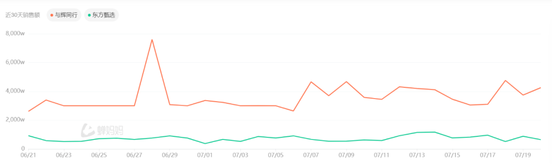 在粉絲數(shù)量上,截至7月中旬,與輝同行已經(jīng)突破3000萬大關,東方甄選落后一截,粉絲數(shù)仍在2800W左右徘徊。蟬媽媽數(shù)據(jù)顯示,在直播觀看方面,在近30天(6月21日至7月20日)中,與輝同行直播日均觀看1573.7W,東方甄選僅384.3W;而在銷售額趨勢對比中,盡管與輝同行出現(xiàn)大幅下降,但仍在東方甄選之上。
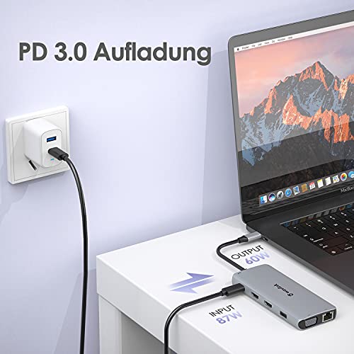 Ampia compatibilità: un hub di espansione USB C per MacBook Apple, MacBook Pro 2016/2017/2018/2019/2020, Apple iMac/iMac Pro (21,5 pollici, 27 pollici), Google Chromebook Pixel, Huawei MateBook, Huawei MateBook Pro, Dell, Surface Book2, HP, Lenovo e Samsung S9, S9 Plus, S8, S8 Plus, Note 9, Note 8, versioni recenti dei telefoni Huawei e molti altri computer portatili di tipo C.
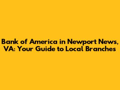 Q: What are the typical hours of operation for Bank of America branches in Newport News? A: Hours vary by branch, but most are open Monday through Friday, with limited hours on Saturdays. Check the specific branch's information on the Bank of America website or app for exact hours.
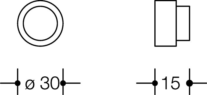 aus Edelstahl (1.4301) · Durchmesser 30 mm, mit schwarzem elastischen Puffer · Diebstahlgeschützt durch verdeckte Verschraubung
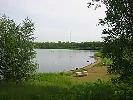 ![]() A view of the swimming area from the campground on the west shore of the lake. | |
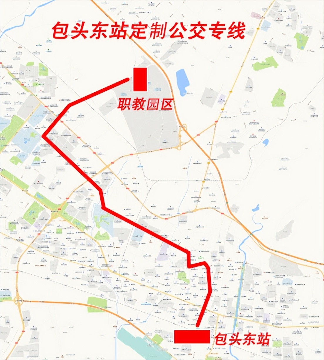 2.线路走向:包头东站—南门外大街—和平路—西门大街—内环路—青山路—世纪大道—职教园区北1门;
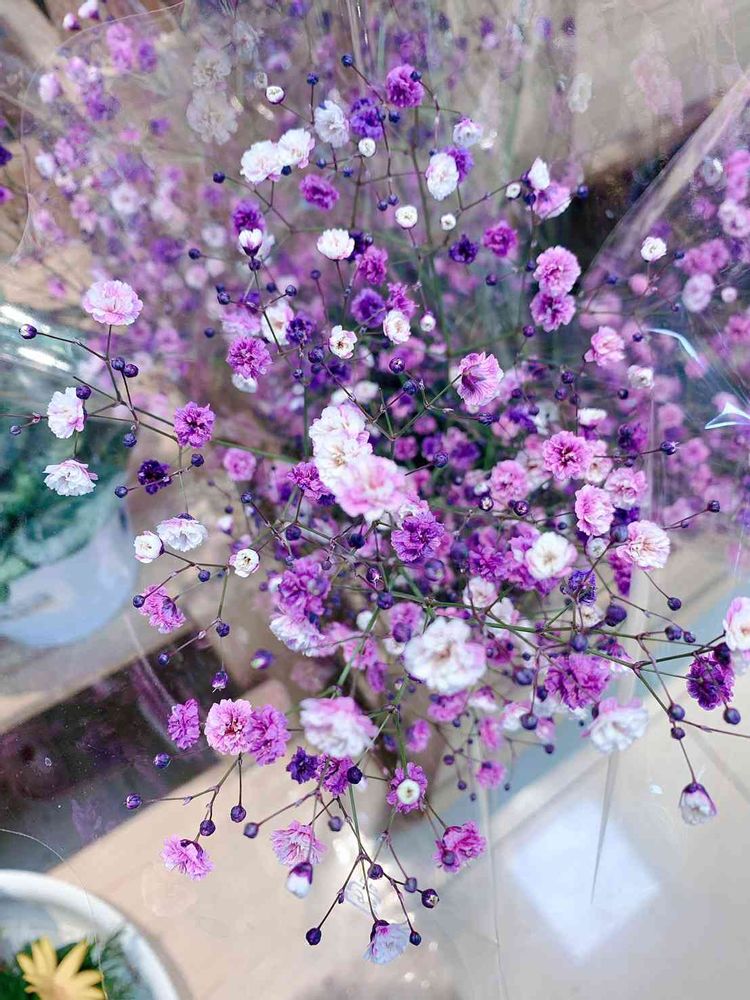 白いカスミソウも素敵ですが、ピンクと紫などの綺麗なカスミソウ 華やかでとても可愛いお花ですね。💓♥️❤️

···

* _What you are asked to do_: Produce the lines from the first line of the entries through the line that contains "Ampia compatibilità: un", exactly, leaving the pictures behind.

* _Task solution_:
 在粉絲數(shù)量上,截至7月中旬,與輝同行已經(jīng)突破3000萬大關,東方甄選落后一截,粉絲數(shù)仍在2800W左右徘徊。蟬媽媽數(shù)據(jù)顯示,在直播觀看方面,在近30天(6月21日至7月20日)中,與輝同行直播日均觀看1573.7W,東方甄選僅384.3W;而在銷售額趨勢對比中,盡管與輝同行出現(xiàn)大幅下降,但仍在東方甄選之上。
 Ampia compatibilità: un hub di espansione USB C per MacBook Apple, MacBook Pro 2016/2017/2018/2019/2020, Apple iMac/iMac Pro (21,5 pollici, 27 pollici), Google Chromebook Pixel, Huawei MateBook, Huawei MateBook Pro, Dell, Surface Book2, HP, Lenovo e Samsung S9, S9 Plus, S8, S8 Plus, Note 9, Note 8, versioni recenti dei telefoni Huawei e molti altri computer portatili di tipo C.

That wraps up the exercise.